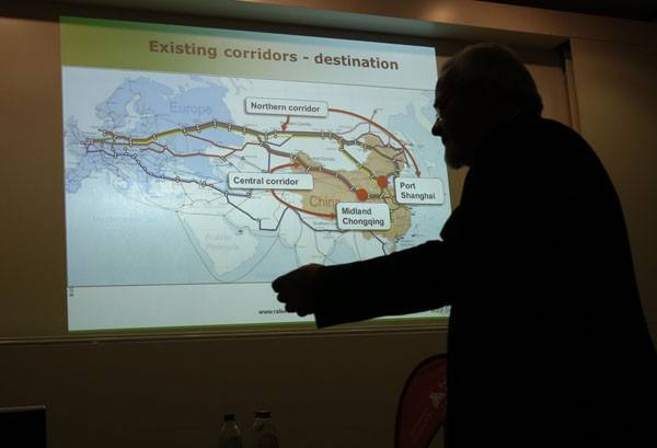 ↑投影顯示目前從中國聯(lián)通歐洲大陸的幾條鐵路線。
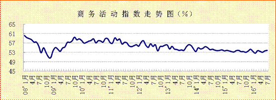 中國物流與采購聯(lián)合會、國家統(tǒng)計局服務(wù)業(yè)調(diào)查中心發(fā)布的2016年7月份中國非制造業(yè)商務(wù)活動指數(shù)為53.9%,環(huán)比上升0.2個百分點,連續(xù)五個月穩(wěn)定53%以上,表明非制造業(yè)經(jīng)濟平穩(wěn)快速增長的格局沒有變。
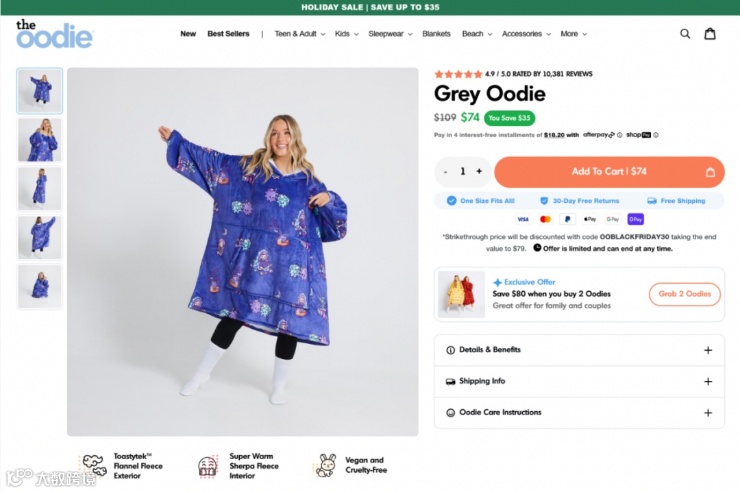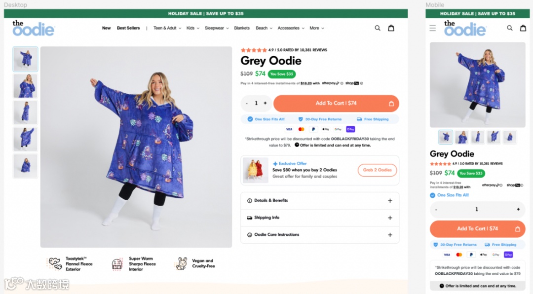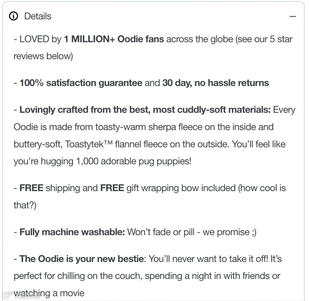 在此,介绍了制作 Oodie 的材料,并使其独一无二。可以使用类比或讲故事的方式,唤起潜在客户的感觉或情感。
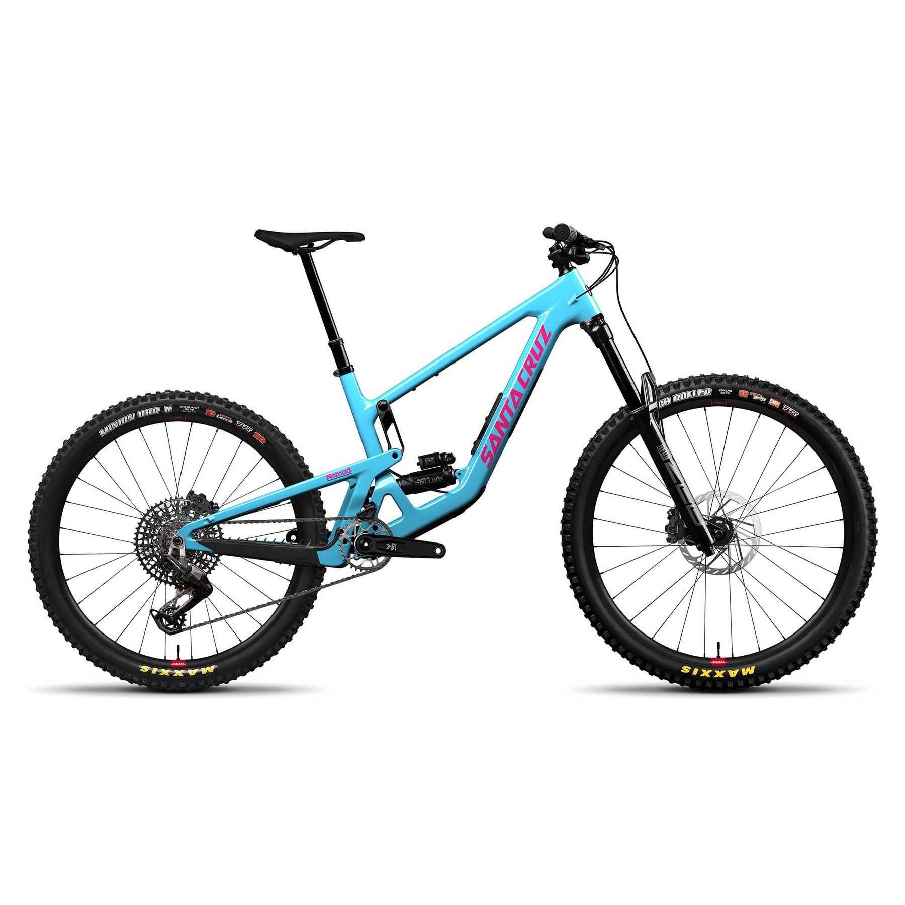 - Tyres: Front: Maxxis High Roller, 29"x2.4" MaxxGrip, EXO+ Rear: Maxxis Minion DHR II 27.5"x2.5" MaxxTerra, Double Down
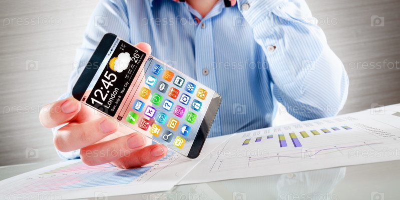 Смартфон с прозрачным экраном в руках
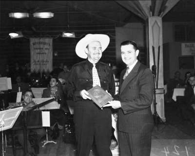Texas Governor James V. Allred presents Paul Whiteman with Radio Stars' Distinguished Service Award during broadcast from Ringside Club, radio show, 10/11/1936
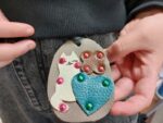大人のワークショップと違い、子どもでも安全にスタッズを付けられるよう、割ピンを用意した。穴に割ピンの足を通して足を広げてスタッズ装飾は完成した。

▸ **PROBLEM REQUIREMENTS**: Omitting the pictures, repeat all entries exactly.

▸ **SOLUTION**:
 ↑投影顯示目前從中國聯(lián)通歐洲大陸的幾條鐵路線。
 中國物流與采購聯(lián)合會、國家統(tǒng)計局服務(wù)業(yè)調(diào)查中心發(fā)布的2016年7月份中國非制造業(yè)商務(wù)活動指數(shù)為53.9%,環(huán)比上升0.2個百分點,連續(xù)五個月穩(wěn)定53%以上,表明非制造業(yè)經(jīng)濟平穩(wěn)快速增長的格局沒有變。
 在此,介绍了制作 Oodie 的材料,并使其独一无二。可以使用类比或讲故事的方式,唤起潜在客户的感觉或情感。
 - Tyres: Front: Maxxis High Roller, 29"x2.4" MaxxGrip, EXO+ Rear: Maxxis Minion DHR II 27.5"x2.5" MaxxTerra, Double Down
 Смартфон с прозрачным экраном в руках
Texas Governor James V. Allred presents Paul Whiteman with Radio Stars' Distinguished Service Award during broadcast from Ringside Club, radio show, 10/11/1936
大人のワークショップと違い、子どもでも安全にスタッズを付けられるよう、割ピンを用意した。穴に割ピンの足を通して足を広げてスタッズ装飾は完成した。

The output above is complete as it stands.